I have SparkFun_Apollo3_AmbiqSuite_BSP examples “ble_freertos_amdtps” and “ble_freertos_amdtpc” compiled, using AmbiqMicroSDK Rel2.2.0, and running on each of two Redboard Artemis boards. The client (amdtpc) retrieves the MAC address of the server (amdtps) and displays it under the menu options “Show Scan Results” and “Create Connection”. I want to also display the friendly name, which is set to “Amdtp” in “amdtp_main.c” for the server. The scan results retrieved by the client with the function “AppScanGetResult()” in file “ble_menu.c” do not include the friendly name (it is not part of the “appDevInfo_t” structure). I have been trying to find a function that the client can use to retrieve the friendly name, but have been unsuccessful. I know the server broadcasts its name because the “Nrf Connect App”, running on an Android phone, sees and displays it prior to connecting. I did find the function “AppDbGetDevName()” in the “App_Framwork_API.pdf” document but there is no way to specify a handle or device ID to indicate which of the responding devices I want the name for. Regardless the function does not return anything when called from the client. Does anyone know how to retrieve the friendly name?

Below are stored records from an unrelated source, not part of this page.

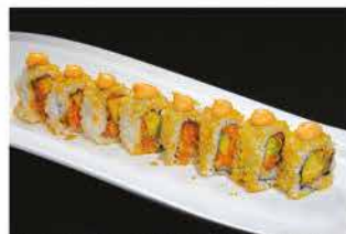
100. MEXICAN ROLL € 12,00 tartare di salmone, avocado, tortilla, maionese piccante
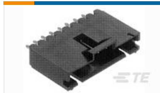
TE 产品编号5-103735-2 03 MTE HDR SRST LATCH .100CL
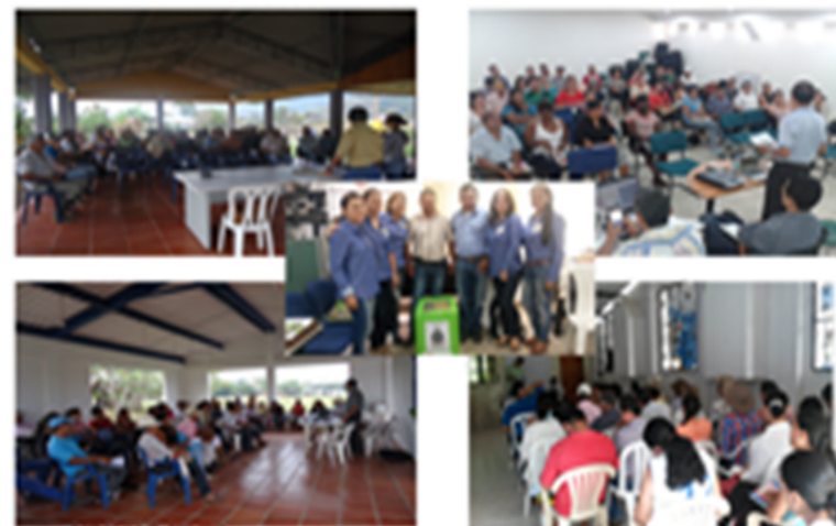
EVALUACION PERFILES DE ALIANZAS

amddtpc_main.c function = amdtpcProcMsg
switch(pMsg->hdr.event)
case DM_SCAN_REPORT_IND:
#ifdef BLE_MENU
if ( pMsg->connOpen.peerRpa[0] > 1 && pMsg->connOpen.peerRpa[0] < 20) {
for (int i = 1 ; i < (pMsg->connOpen.peerRpa[0] -3); i++){
am_menu_printf(“%c”,pMsg->connOpen.peerRpa*);*
}
am_menu_printf(" = scan result\r\n");
}
#endif
Scan fills pMsg with possible connections. peerRpa array holds name. If it is a real chip, position [0] is the length of the name + 3, so… [0] = length, [1],[2].[3].etc to length - 3 will be the name. I specified length > 0 and < 20 in above statement. Worked for me and even found two chips with 2 different names. Have fun.
Hi Kerry,
I did figure out that dmEvt_t *pMsg was a pointer to the mother load of scan results, including the bd_addr and any friendly names. I passed the pointer to the ble_menu.c function “BleMenuInit()” function so that I could use it in the “showScanResults()” function. I’ve been trying to use the function DmFindAdType(), as per the example “SDK/third_party/exactle/sw/apps/watch/watch_main.c”, to locate the friendly name in pMsg->scanReport.pData but it isn’t finding it even though I can see it in the debugger memory display. Maybe I’ll have better luck with the code you are suggesting.
Randy
Yep…those names were obviously created with amdtps. I found the name hiding deep in the pMsg with Seggar Ozone and a J-Link edu mini.
Kerry,
Damn you’re good! After getting nowhere with my approach, I finally tried yours. With a few corrections to your code, voila I had the friendly name. First off, the function “amdtpcProcMsg” is in the file “amdtp_ main.c” not “amdtpc_main.c”. Then the line “am_menu_printf(”%c",pMsg->connOpen.peerRpa);" needs [ i ] appended to “peerRpa”. The problem that I have with your approach is that I don’t get the bd_addr that is associated with the friendly name, which I need later when selecting which device to connect to in the BLE_MENU. With my approach I found that the friendly name and bd_addr show up together in memory just beyond the scope of scanReport.pData so they are apparently not part of the scanResults at the point in the program when the BLE_MENU is being written. I still don’t know how to access them at that point but there must be a way. I’ll keep trying.
Randy
Kerry,
Update to my previous reply: I found that I could get the bd_addr from pMsg->scanReport.addr[0] thru [5], and like you I found that I got two different addresses for the same friendly name. One was addrType 0 (random) the other addrType 1 (public).
Randy
beautiful. You’ve got it!
I’m trying to trace:
ble_menu.c case GAP_MENUID_SCAN_START calls
amdtp.main.c AmdtpScanStart which calls
app_master_leg.c AppScanStart which calls
dm_scan.c dmScanStart which sends a message of DM_SCAN_MSG_API_START to
DM SCAN EVENT HANDLER???
Should you happen to stumble across the file / function which is called when that message fires, I would love to know. So…which file with which function handles the DM SCAN EVENT. I’ll get it eventually by loading all possible files in Ozone and setting breakpoints everywhere 'till I catch the sucker.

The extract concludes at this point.